Bainbridge Island is the second book by Annette M. Irby in the Finding Love on… series. Jenna-Shea Brown, its heroine, is a character from the first book. Read my review for Finding Love in Friday Harbor, Washington here.
Shea Brown is a therapist who suffers from PTSD and, frankly, a mistrust of long-ago boyfriend, Liam Barrett. When circumstances throw them back together and they rediscover lost love, Liam distrusts his own ability to be reliable—a flaw he believes he inherited.

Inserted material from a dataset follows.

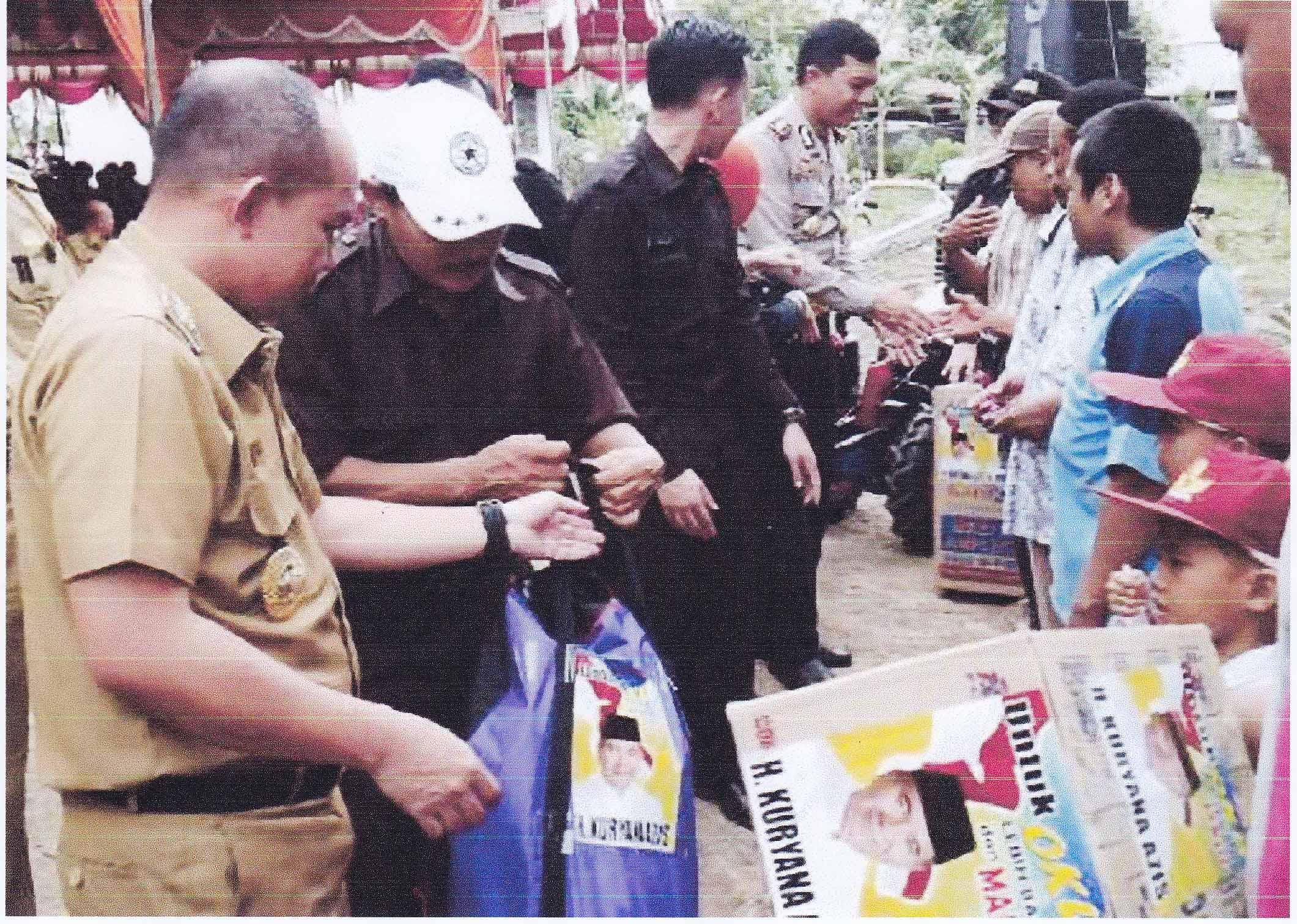 Tampak PJ.Bupati OKU, H.Maulana Akil yang biasa dipanggil dengan sebutan “Molen” dan hadir unsur Muspida juga tampak Kopolres Oku sedang menyalami warga yang mendapat bantuan, saat menyerahkan bantuan tampak sebuah kotak kardus dibalut dengan gambar paslon nomor satu Kuryana Azis-Johan Anwar dan tampak juga diduga kuat menyerahkan sebuah jaket atau rompi bergambarkan Paslon nomor satu Kuryana Azis-Johan kepada warga Sinar Peninjauan dan tampak anak sekolah juga hadir dalam acara tersbut, beberapa waktu lalu Pj.Bupati melarang PNS ikut terlibat dalam dukung mendukung salah satu Paslon pilkada PNS Harus Netral, ternyata tampak difoto dengan jelas diduga kuat sedang memberikan sumbangan. Secara kasad mata masyarakat jelas mengatakan keberpihakan Molen ke poslon nomor satu, Ketua LSM-INDOMAN Ir.Amrizal Aroni, M.Si Bidang Politik dan Demokratisasi sudah melaporkan ke Mentri Dalam Negeri Cq. Seketaris Jendral Depdagri Pak.Yuswandi yang juga merangkap Ketua Netralitas PNS Dalam pelaksanaan Pilkada Serentak se Indonesia pada 9 Desember mendatan. Foto: (24/11/2015) Istimewa/Transformasinews.comJANJI KELAR: Pemerintahan Kabupaten OKU dan OKU Timur berkomitmen sebelum pilkada 2015 digelar tapalbatas antar kedua daerah ini kelar alias rampumpung. Tampak PJ.Bupati OKU, H.Maulana Akil, menyerahkan bantuan alat pertanian kepada warga Sinar Peninjauan, kemarin (24/11/2015). Foto:IST/Oku Ekspres. Foto tersebut terbit di koran oku ekspres tanggal. 25/11/2015 dengan Judul Tapal Batas, Kelar Sebelum Pilkada.Tampak sepanduk terpasang di depan Kantor kepala Desa Tanjung Makmur Kecamatan Sinar Peninjauan Kabupaten Ogan Komering Olu, di lokasi tersebut tempat pusat acara resmi Pemda Oku untuk menyerahkan Bantuan alat pertanian, juga diduga keras dimanfaatkan untuk kegiatan sunatan masal dan KB Gratis oleh pasangan Paslon Kuryana Aziz – Johan Anuar. Tempat lokasi yang sama Pj.Bupati Oku H.Maulana Akil secara resmi hadir beserta unsur Muspida. Foto: Istimewa/Transformasinews.com

Shea is terrified that her new boss will find out how broken she is. After being frightened by a cockatiel while talking on the phone to her dad, Shea must get herself together:
She felt her blood pressure ease back toward normal. ‘It’s fine, Dad.’ Her voice shook. ‘Just a talkative bird.’
‘Well, good grief.’ You scared me there. He didn’t say it, but she heard the additional words in her mind. ‘Are you okay?’
Her breathing was still staggered on her long sigh, but yes. She’d be fine. ‘Better now. Thanks, Dad.’ No need to worry him. In truth, she’d need a good half hour to bring her heart rate all the way back to normal. With Dad on the phone at least she hadn’t dissociated this time. That was a victory.
Dad went quiet. The bird stayed where it was—perched on a skinny slab of wood that wouldn’t support her collection of fat candles. That mantel would have to go. Dad took a deep breath. “You’re still being triggered.”
She tried so hard to hide this broken part of herself.
The talkative bird belongs to Liam’s great aunt. Auntie Mat is a charmer with her theatrical gift for bursting into various accents on a moment’s notice and the way she dotes on Liam, treating the man she raised as if he were her own son. At one point, I found her laugh-out-loud funny. Except, Auntie Mat has a secret.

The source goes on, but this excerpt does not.